- Greeley Location of the community of Greeley within Royalton Township, Pine County Greeley Greeley (the United States)
- Coordinates: 45°44′41″N 93°04′06″W﻿ / ﻿45.74472°N 93.06833°W
- Country: United States
- State: Minnesota
- County: Pine
- Township: Royalton Township
- Elevation: 984 ft (300 m)

Population
- • Total: 30
- Time zone: UTC-6 (Central (CST))
- • Summer (DST): UTC-5 (CDT)
- ZIP code: 55006 and 55063
- Area code: 320
- GNIS feature ID: 644406

= Greeley, Minnesota =

Greeley is an unincorporated community in Royalton Township, Pine County, Minnesota, United States.

The community is located west of Rock Creek, at the junction of Greeley Road (Pine County 1) and Clint Road (County 102). State Highway 70 (MN 70) is nearby. Greeley is located in the southwest corner of Pine County. Rush Lake is nearby.

Nearby places include Braham, Rock Creek, West Rock, Grasston, and Rush City.

Greeley is located six miles west of Rock Creek, and eight miles northwest of Rush City.

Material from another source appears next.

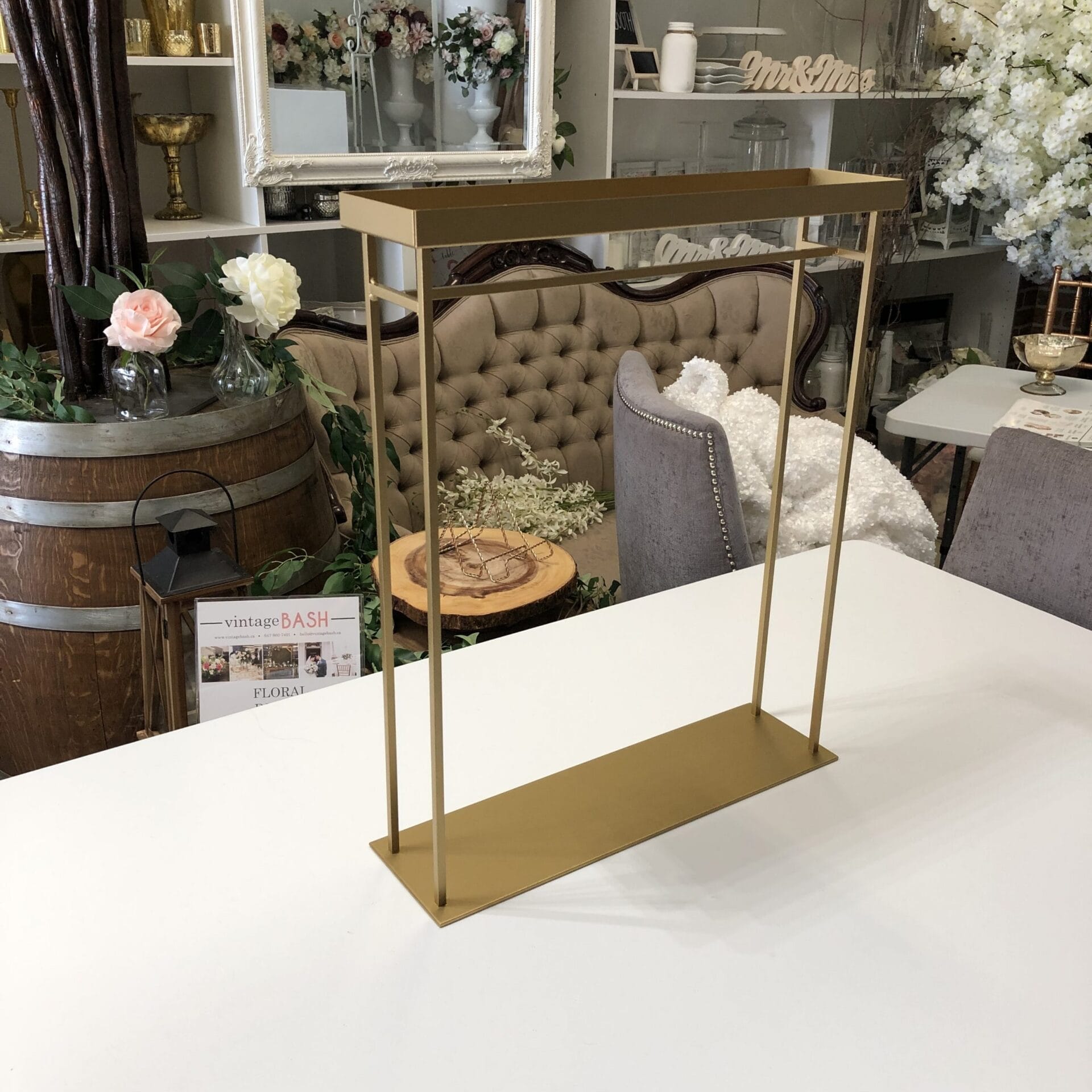 Need a floating floral arrangement for your event? The Andel Gold Biltmore Stand is right for you!

Greeley is seven miles east-northeast of Braham, and 10 miles southwest of Pine City.

The community is named for Elam Greeley (1818–1882), a lumberman, who was the co-founder of the city of Stillwater, and member of the Minnesota Territorial Legislature in 1851 and 1856.

ZIP codes 55063 (Pine City), 55069 (Rush City), and 55006 (Braham) all meet near Greeley. The boundary line between Pine, Chisago, Kanabec, and Isanti counties is near Greeley.